“Lincoln's Secret Love Letter to Shakespeare (And Why Britain Needed to Read It)”
What's on the Front Page
The Worcester Daily Spy leads with an extraordinary reprinting of President Abraham Lincoln's personal letter to actor James Hackett, originally published in the Liverpool Post. Lincoln's August 17, 1863 letter reveals a surprisingly erudite president confessing his love of Shakespeare—particularly *Macbeth*, which he calls "wonderful"—while gracefully acknowledging his limited theatrical experience. The letter showcases Lincoln's wit, candor, and intellectual depth, directly challenging the widespread British and American perception of him as an uncouth rail-splitter unfit for high office. The editor uses the correspondence to mount a passionate defense of Lincoln's character, praising his honesty, courage, and "solemn faithfulness" during the Civil War. The page also reports encouraging Union victories in the Indiana election, with Indianapolis showing a 2,100-vote majority and counties across the state reporting substantial gains, suggesting the "Knights of the Golden Circle" (a pro-Confederate secret society) failed to turn the state disloyal. Local items include Charlotte Cushman's noble fundraising for the Sanitary Commission and various New England news briefs.
Why It Matters
October 1863 was a critical moment for the Lincoln administration and the Union cause. The Civil War was grinding toward its third year with no end in sight, and Northern morale was fragile—copperheads and Peace Democrats were agitating for negotiated settlement, while the Knights of the Golden Circle actively recruited in border states like Indiana and Ohio. Internationally, Britain and France remained tempted by Southern overtures for diplomatic recognition. This letter mattered because Lincoln's character—his judgment, his humanity—was being weaponized against him both at home and abroad. By publishing this intimate correspondence, the *Spy* was defending not just Lincoln's presidency but his fundamental fitness to lead. The editor's sharp critique of British intellectual pretension also signals American anxiety about European opinion during a war that could be lost not on the battlefield but in London drawing rooms.
Hidden Gems
- Lincoln admits he has 'seen very little of the drama' in his lifetime and only saw *Falstaff* performed 'last winter or spring'—a remarkably limited cultural exposure for any public figure, yet he weaponizes this honesty against affectation.
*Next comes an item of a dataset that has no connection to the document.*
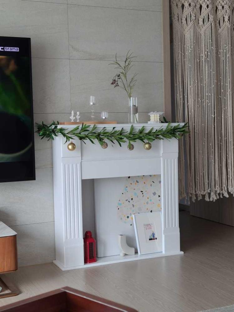 벽난로에 크리스마스 트리 꾸몄어요

- The editor savagely mocks British intellectual society for pretending to have read books they haven't, name-dropping 'Pascal,' 'Montaigne,' 'Juvenal,' and 'Sartor Resartus' while confessing most dinner-table intellectuals haven't actually opened them—a stunning indictment of 1863 Victorian hypocrisy.
- Actor James Hackett is praised not just for his brilliant *Falstaff* but for a remarkable personal redemption: 'Once an opulent merchant, and afterwards unfortunate, he went on the stage and paid every creditor in full out of the new fortune he made'—a self-made success story paralleling Lincoln's own.
- The Indiana election results show Union gains so lopsided that in 'some counties the opposition candidates seem scarcely to have been voted for at all,' suggesting near-total political capitulation of anti-Union forces.
- A New Hampshire military substitute from Newbury, Massachusetts stands six feet four and a half inches tall—towering even by modern standards, yet the paper merely reports this as curiosity, suggesting Civil War substitution (paying someone else to serve) was routine enough to warrant casual mention.
Fun Facts
- Lincoln's letter specifically praises the Hamlet soliloquy 'Oh, my offence is rank' over the more famous 'To be or not to be'—a genuinely sophisticated literary judgment that anticipates modern scholars' recognition of that speech's psychological complexity and dramatic power.
- The paper reports Charlotte Cushman raising $4,000 in Boston and Philadelphia for the Sanitary Commission with more performances planned—this organization would become the direct precursor to the American Red Cross, making her wartime fundraising literally foundational to modern American humanitarian infrastructure.
- Lincoln's *Macbeth* obsession takes on darker significance knowing his fate: he was reading *Macbeth* the night he was assassinated at Ford's Theatre just eighteen months after writing this letter—his favorite play would haunt his final hours.
- The editor's defense of Lincoln as superior to predecessor James Buchanan is cutting: Buchanan's 'suave deceitfulness and emptiness' had contributed directly to the nation's slide toward Civil War, making this 1863 contrast between failed and effective leadership urgently relevant to readers deciding Lincoln's fitness for re-election (which would occur one year later).
- The New Bedford whaling report mentions a single whale yielding 200 barrels of oil and 4,000 pounds of bone—representing tens of thousands of dollars in 1863 currency and explaining why New England whaling remained economically vital even as the industrial age arrived.